Friday, 27 June 2014

File Organization and its type


FILE DATA ORGANIZATION

INTRODUCTION

It is concern with how the data is stored in the database.It allows the designer to make decisions of how the database is to be implemented whereas the logical DB design is concerned with what data is stored in the database.

It follows 2 steps:-
1.) Translate the global logical data model for target DBMS-It includes operations like designing of base relation ,derived data and design of constraints.
2.) Design physical representation- It includes operations like analysis transaction,selection of file organization,selection of indexes and estimate the disk space requirements.

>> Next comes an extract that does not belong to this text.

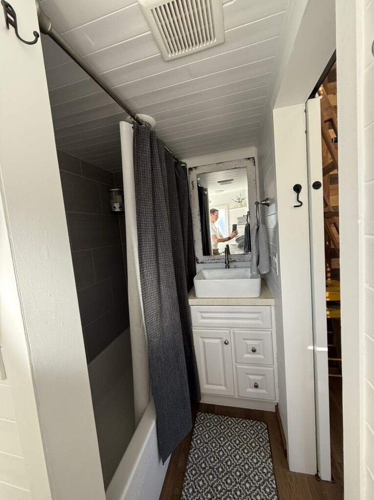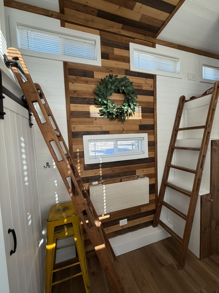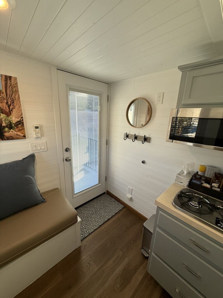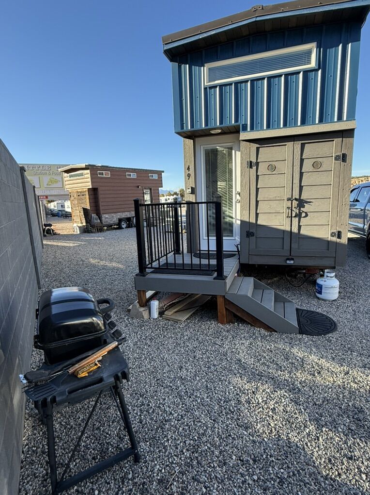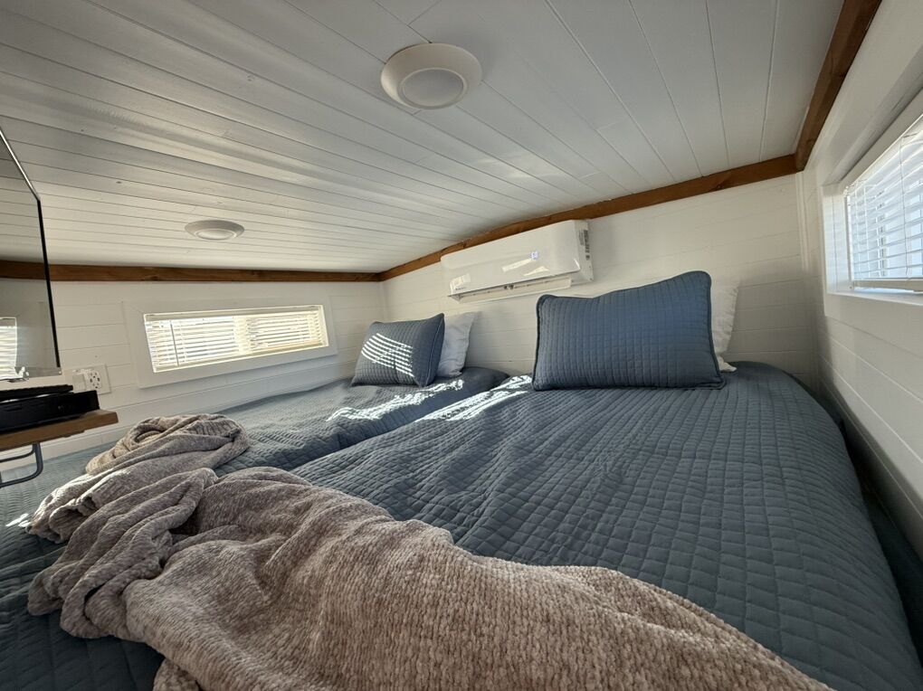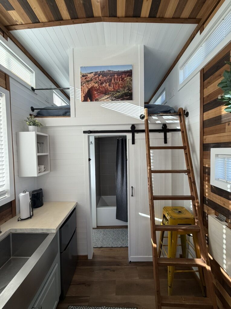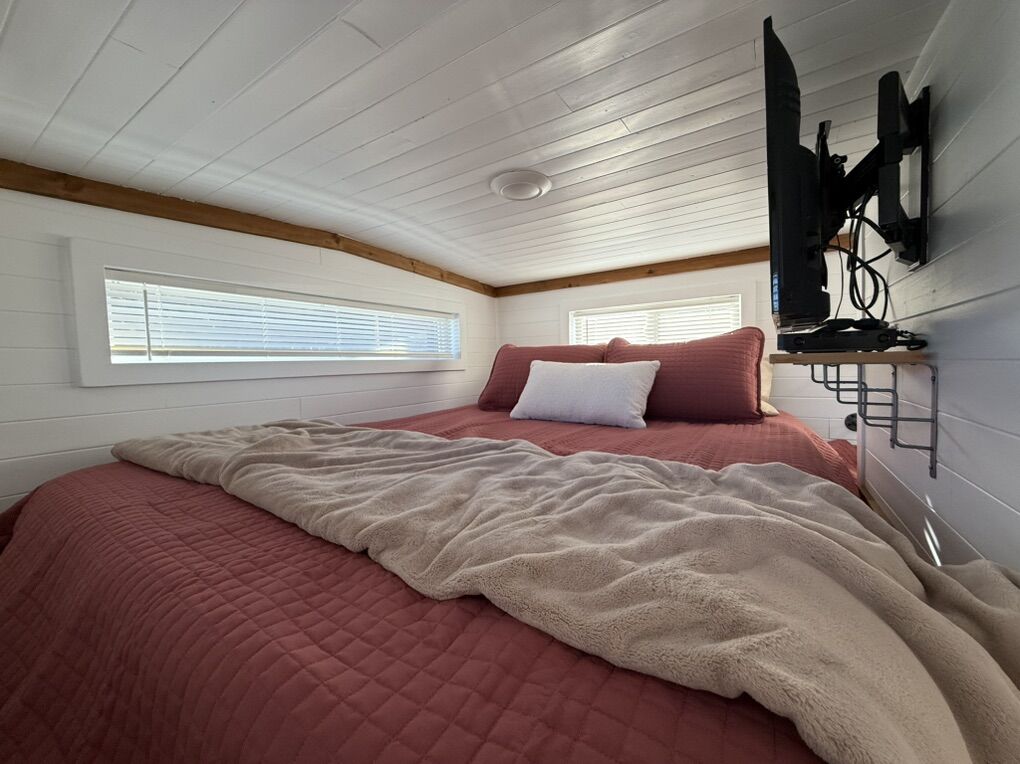 This is a 2019 tiny house on 21’ travel trailer chassis. The Anne tiny house RV is a luxury off grid or on grid model designed for ultra comfort. You will feel at home whether your off the beaten path, in the comforts of a cozy RV park or parked behind your house for an ADU (additional dwelling unit) for use as a rental or Airbnb. The Anne weighs just under 11,000 pounds and can be towed comfortably behind a 3/4 ton pick up truck. It is made to sleep 4 adults comfortably. It comes with built in solar panels that can power up a solar generator of your choice or be plugged in shore power on a 30 amp RV outlet for easy hookup. It is also electric generator ready so that you can run it off grid if needed. When you want heating or cooling simply turn on the 110 volt mini split with in shire power or a generator. It comes with a 45 gallon fresh water tank and an on demand hot water heater. It has a maintenance free metal panel and cement board exterior. It comes with a full sized bathtub shower combo and regular toilet. It has 2 TV’s with dvd player in each of the sleeping quarters.

TYPES OF FILE ORGANIZATION-The various types of file organization are:-
1.) Heap or un-ordered file organization
2.) Hash file organization
3.) Index sequential access method ( ISAM )
4.) B tree or Binary tree
5.) Clustered tables

1.) Heap or un-ordered file organization-It is the simplest type of file organization in which the record are placed in the file in the same order as they are inserted.
Advantages-
1.) For storing bulky data
2.) Traversing in the form of linear search
Dis-Advantage-
1.) Time consuming process

2.) Hash File Organization- In this records are not stored sequentially in the file instead a hash function is used to calculate the address of the page in which the record is to be stored.The field on which hash function is calculated is known as hash field and if that field act as a key of the relation then it is known as hash key.
Advantages-Search is easy.
Dis-Advantage- Not possible for finding range of values

3.) Index sequential access method ( ISAM )-Data is organized into records which are composed of fixed length and the records are record sequentially. ISAM is a most versatile storage structure than hashing and it provides better functionality when data is retrieve based up on exact key match, pattern matching or a range of values.

4.) B tree or Binary tree-
a.) It is a data structure used to store large amount of information and in this method secondary storage is used to store the leaf nodes of the tree.
b.) The leaf nodes are the only ones that actually stores data icons.
c.) All other nodes are called index nodes or I nodes and these are used to store the guide values which allows us to traverse a tree structure from the root and arrive at the leaf node containing the data item.
d.)The performance of a B tree does not decreases as the relation is updated.

5.) Clustered tables- Clusteres  are group of one or more tables physically stored together because they same common columns.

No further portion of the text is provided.